In another embodiment (FIG. 4), a fan (401), which is of in-line type or centrifugal type, can be connect by its wires (402) to the external power source. When operate, the fan can be circulate the air around the device. The chemical molecules released from the absorptive materials (105) will be diluted immediate when they are just released. The method can enhance and speed up the rate of regeneration, by prevent the concentration of chemical molecules around the absorptive materials become saturated.

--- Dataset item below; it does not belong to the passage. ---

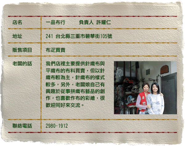 ◎資料來源:三重布莊博物園區 http://www.bhes.tpc.edu.tw/~clothweb/
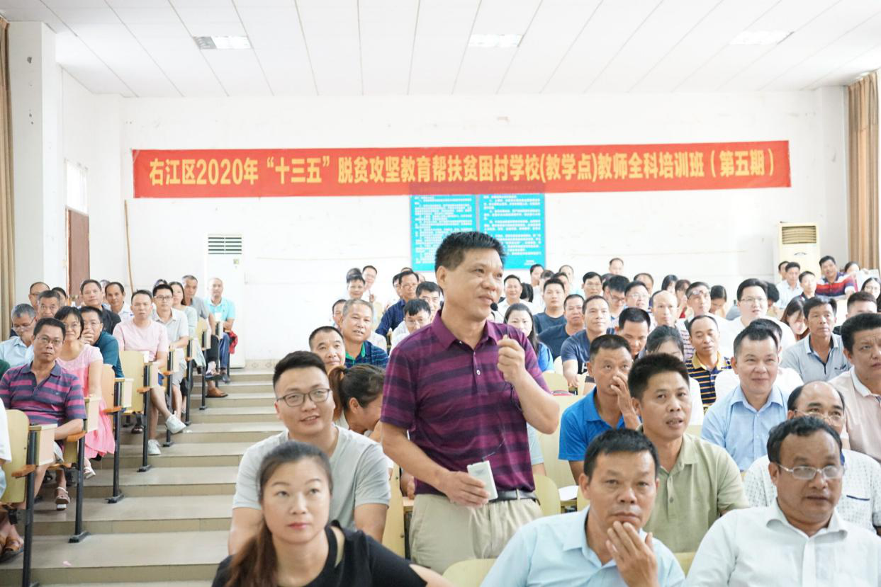 ????????為積極配合百色市右江區(qū)教育局推動右江區(qū)義務教育課程改革,提升教師隊伍的專業(yè)素養(yǎng)和理論水平,優(yōu)化教師隊伍結(jié)構(gòu),推進右江區(qū)義務教育均衡發(fā)展。近日,百色市右江區(qū)教育局主辦,廣西百色益眾教育投資有限公司與百色學院聯(lián)合開展了右江區(qū)2020年小學科學、信息技術(shù)、道德與法制、語文、數(shù)學教師及班主任能力提升培訓,各班培訓期4天,共有來自右江區(qū)各小學相關(guān)科目老師約1700人參加了本期培訓。

In another embodiment (FIG. 5), a convex lens, or concave mirror (501) is installed to the heat-recycling device. When operate, the convex lens or concave mirror (501) may help to concentrate and direct the thermal energy or solar energy to the compartment holding thermal storage materials (104). The convex lens or concave mirror maximizes the thermal and solar energy to be adsorbed by the thermal storage materials (104).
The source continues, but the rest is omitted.